Note that in California, massage therapists may obtain certification (because the law is a title act), we do NOT have a license (which requires a scope of practice act, which would be mandatory). Also massage therapists consider themselves Certified and if using that title, must post their CAMTC number on whatever marketing materials used, business cards, flyers, pamphlets, etc. Anyone can go on to the CAMTC website and search a therapists name to see if they are certified in good standing.

What we reasonably hope for is a productive dialogue and positive outcome to get the needs met of both sides of the topic. Cities have plenty of power to shut down illicit businesses, and the police can revoke a certification with an officer's declaration.

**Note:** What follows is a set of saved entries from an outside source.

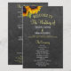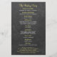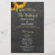 Plantilla de programa de boda rústica y elegante para ceremonia y fiesta, con presupuesto asequible, que incluye dos hermosos girasoles amarillos y naranjas, y una elegante caligrafía falsa en oro y blanco sobre un fondo oscuro de pizarra de tiza gris. ++++++++++++ ¡Personalízalo con tus detalles! +++++++++ Adecuado para bodas de jardín rústico en verano o otoño en el jardín trasero al aire libre.
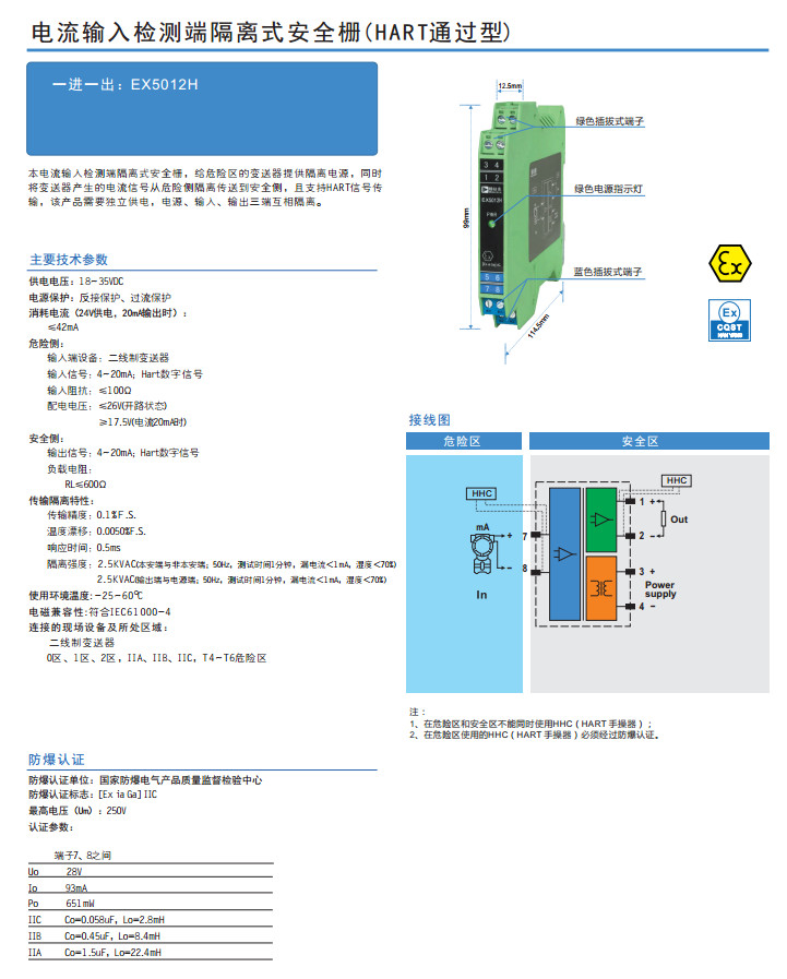 EX5012H,電流輸入檢測端隔離式安全柵(HART通過型)
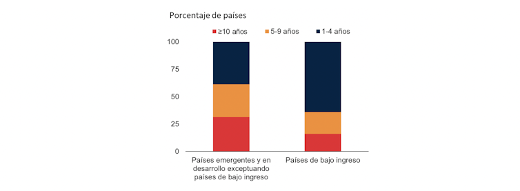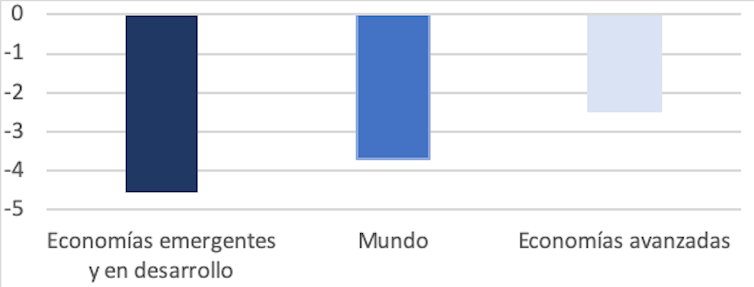 Además, se ha producido una caída de la renta per cápita en más del 90 % de los países en desarrollo. La mitad de estas economías revertirá los avances de los últimos cinco años o más y una cuarta parte perderá todo el progreso realizado desde 2010.
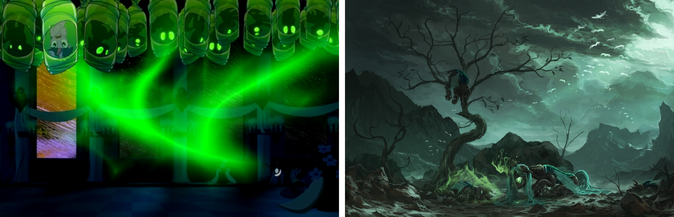 As previously stated, the rest of fan canon is about exploring individual aspects about Chrysalis and the Changeling society.  It’s interesting how much fans have glommed onto her enough to create such interesting content out there, both painting her in sympathetic lights, and exploring the darker aspects of Changelings.
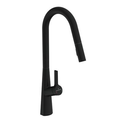 mit schwenk-/herausziehbarem (Strahl/Brause umstellbar), seitlichem Hebel, Keramikkatusche.

Posted by Lisa Santoro on Mar. 28, 2014 @ 1:27 pm

Thai Banyan remains of the view that licensing is the most efficient and best way to first place then this should apply to all payments no matter what the level. Payments are triggered nor will they know the quantum due.

Posted by Guest on Mar. 30, 2014 @ 8:11 pm

Why do they feel a need to stick their noses into people's sex lives and tell them how to live? This is the kind of stuff people move to San Francisco to be away from!

And who the hell calls themselves "Katy" past age 10 anyway? What is this, Sesame Street?

Posted by Guest on Mar. 30, 2014 @ 9:03 pm

Think that was the name she was given by her parents...

Posted by Guest on Mar. 30, 2014 @ 9:23 pm

Seriously. Thanks to Scott Wiener, a man can't even show his cock to tourists anymore. It's as if he doesn't like the angle of my dangle or something. Straight people are ruining the Castro. Any true gay man would relish a long, close look at my wang.

Posted by Snoozers on Mar. 30, 2014 @ 11:09 pm

Katie and Scotty and the rest of the stupidvisors should be fixing potholes and MUNI instead of worrying about happy endings and dress codes.

Posted by Guest on Mar. 30, 2014 @ 11:28 pm

I will hope for the same too. It is really sad that because of some institutions that flaunt the law and do something else in the name of massage parlor all of them are getting shut down. The Govt should do something to make sure that the genuine ones are staying. There are many good therapeutic massage centers that have good quality doctors and provide good quality service. They should be spared.

Posted by Leonard R. Isley on Apr. 02, 2014 @ 8:37 pm

I appreciate the article, but I'm not too thrilled with the title. Anyone else roll their eyes? Not funny, Brian.

Posted by Guest on Apr. 03, 2014 @ 11:46 am

Because everything is so serious all the time.

Posted by Guest on Apr. 03, 2014 @ 12:13 pm

It's things like this title that perpetuate the ignorant stereo-type of massage therapists giving hand-jobs. Shame on you. It's not even clever. Not to mention, I personally find such plays on words insulting to the reader's intelligence. "Things are heating up at the fire department" OH, I SEE WHAT YOU DID THERE!

Also, the CAMTC exists as much for therapists as consumers as it helps to protect against prejudicial treatment by local authorities, zoning ordinances, and other biased treatment of the profession. Some local ordinances required communicable disease tests...yes STD testing. What other occupations are tested for chlamydia? Seriously?

Until California has a STATE LICENSE people will continue to abuse the profession and confuse rub and tug massage parlors with therapeutic bodywork.